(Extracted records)
▽

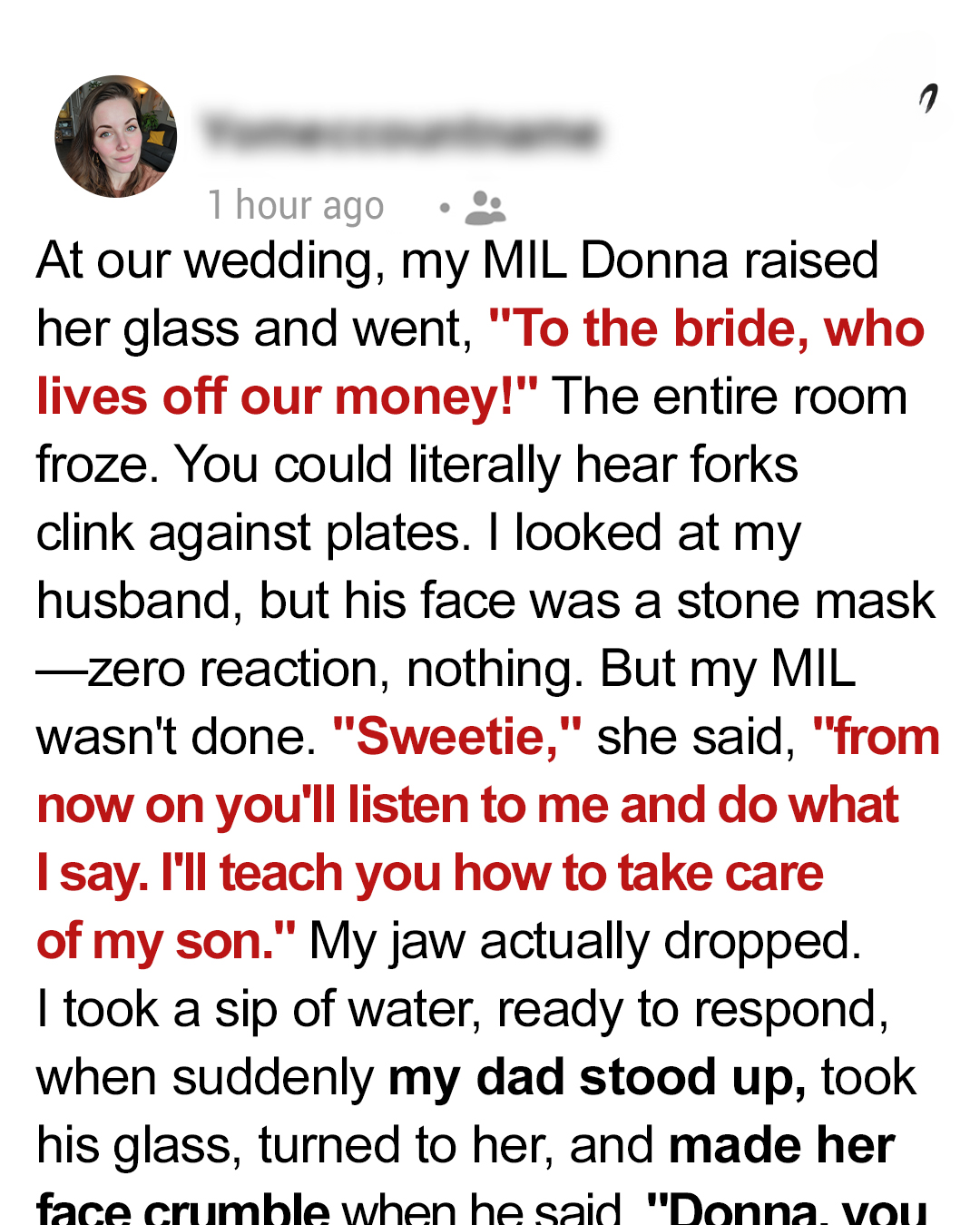 I thought my wedding day was absolutely perfect — until my mother-in-law stood up to give a toast.With a bright smile, she raised her glass and said, “To the bride, who lives off our money!”The room fell silent. My cheeks burned as nearly 200 guests turned to
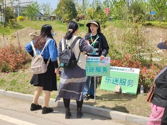 在音樂節(jié)會場外,一名手持“樂迷服務(wù)“導(dǎo)引牌的志愿者耐心為兩名樂迷指引入場方向。趙峰睿/攝
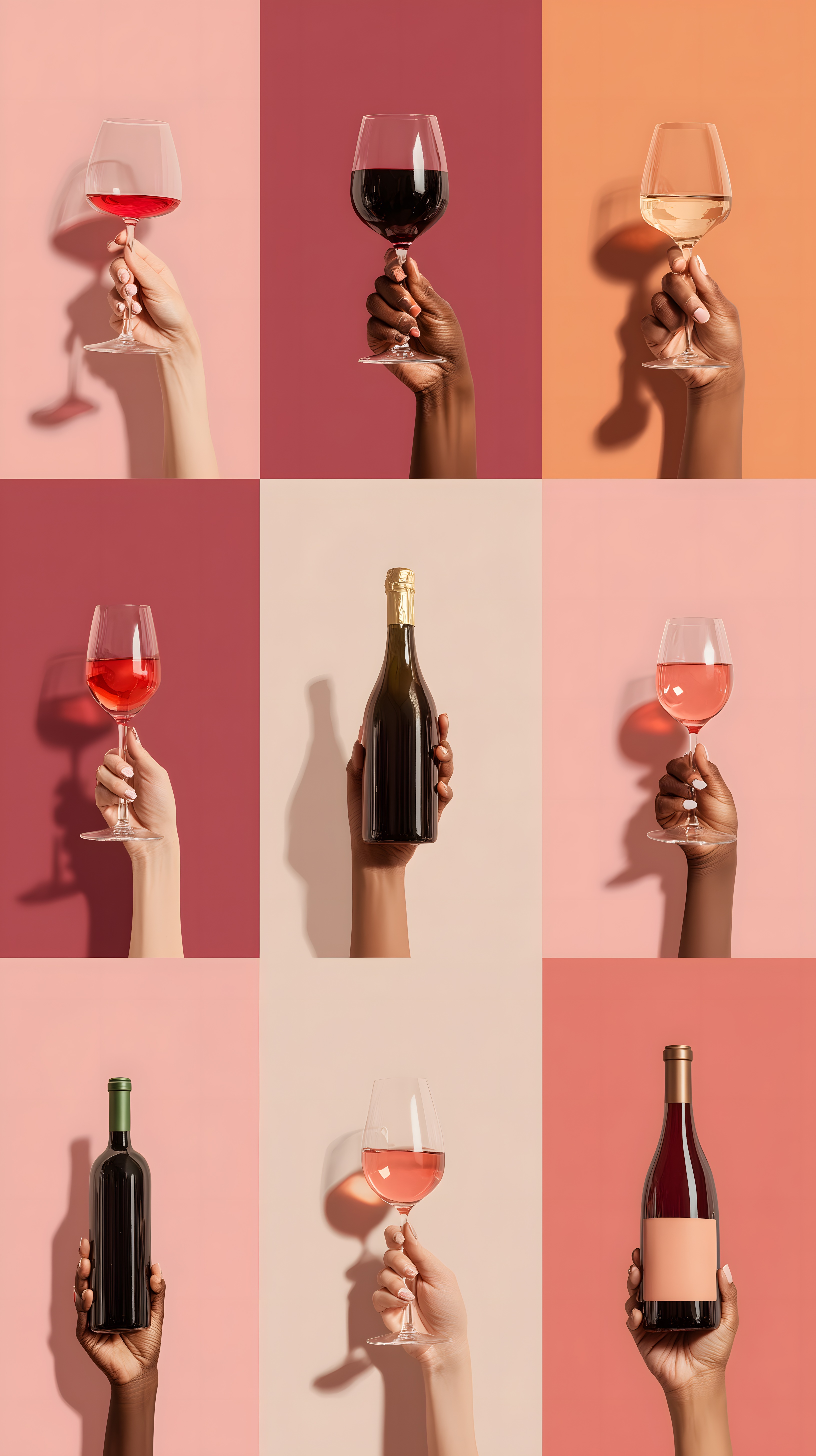 Dieses stimmungsvolle Foto inszeniert eine elegante Weinverkostung mit einer farbenfrohen, minimalistischen Ästhetik. Es zeigt Hände, die Weingläser in verschiedenen Rottönen halten, sowie Weinflaschen und Gläser in einem stimmungsvollen Ambiente aus kontrastierenden Farben wie Rosa, Rot und Orange.
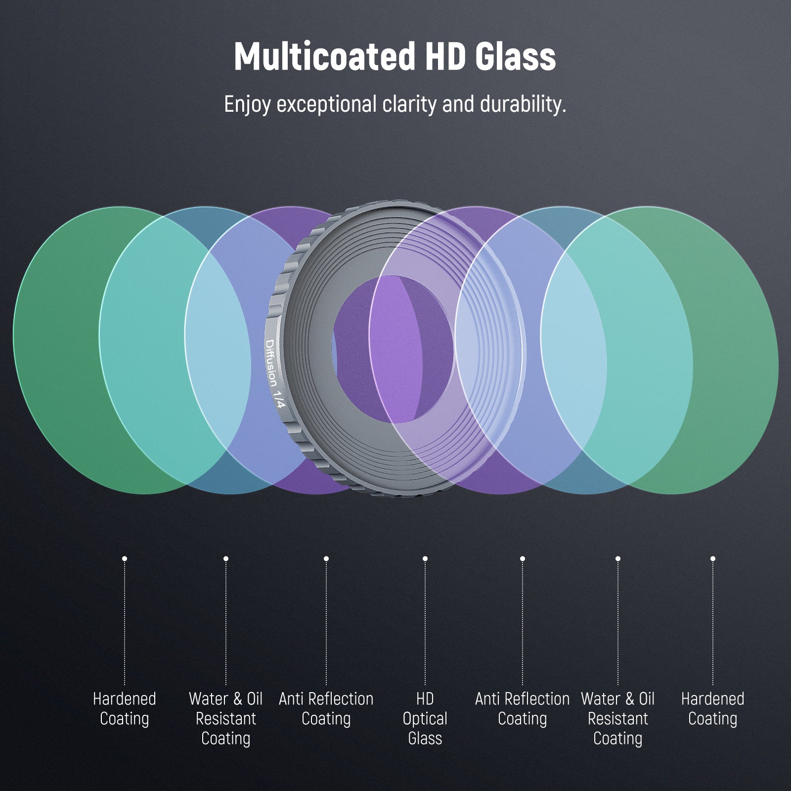 - Multicoated HD Optical Glass- HD optical glass ensures sharp images without chromatic aberration or optical distortion. Multiple protective coatings on both sides resist water, oil, dust, and scratches for high durability and effortless cleaning
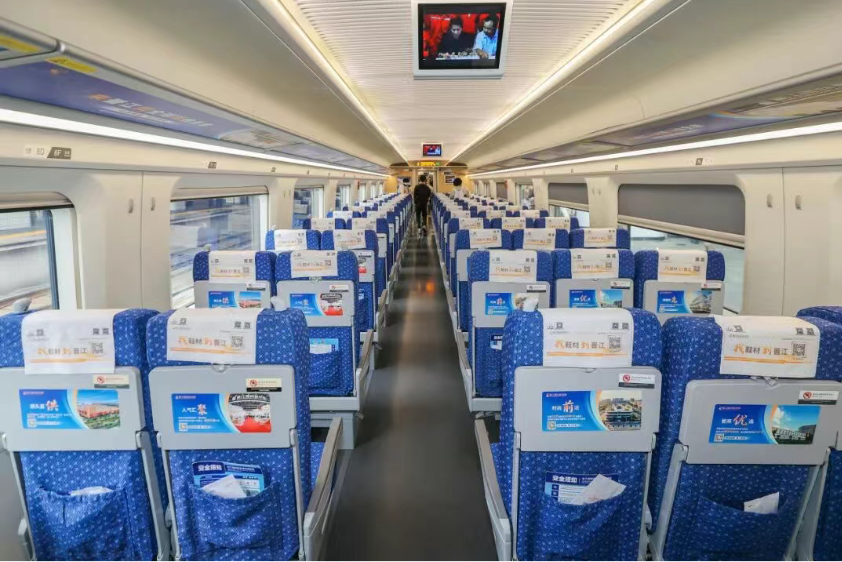 不止于列车车身醒目的“来晋江 做全球鞋纺生意”标识,车厢内的车门贴、海报、桌板壁、头枕片、LED屏、行李架等处均作标识设计;列车广播里还不时响起“欢迎您乘坐‘晋江国际鞋纺城’冠名的品牌专列.......”的温馨提示,满满的晋江鞋纺元素。

△

WHAT TO DO -> Output, exactly and without pictures, the span of lines that starts at the line containing "在音樂節(jié)會場外,一" and ends at the last line above.

REPLY TO THE EXERCISE ->
 在音樂節(jié)會場外,一名手持“樂迷服務(wù)“導(dǎo)引牌的志愿者耐心為兩名樂迷指引入場方向。趙峰睿/攝
 Dieses stimmungsvolle Foto inszeniert eine elegante Weinverkostung mit einer farbenfrohen, minimalistischen Ästhetik. Es zeigt Hände, die Weingläser in verschiedenen Rottönen halten, sowie Weinflaschen und Gläser in einem stimmungsvollen Ambiente aus kontrastierenden Farben wie Rosa, Rot und Orange.
 - Multicoated HD Optical Glass- HD optical glass ensures sharp images without chromatic aberration or optical distortion. Multiple protective coatings on both sides resist water, oil, dust, and scratches for high durability and effortless cleaning
 不止于列车车身醒目的“来晋江 做全球鞋纺生意”标识,车厢内的车门贴、海报、桌板壁、头枕片、LED屏、行李架等处均作标识设计;列车广播里还不时响起“欢迎您乘坐‘晋江国际鞋纺城’冠名的品牌专列.......”的温馨提示,满满的晋江鞋纺元素。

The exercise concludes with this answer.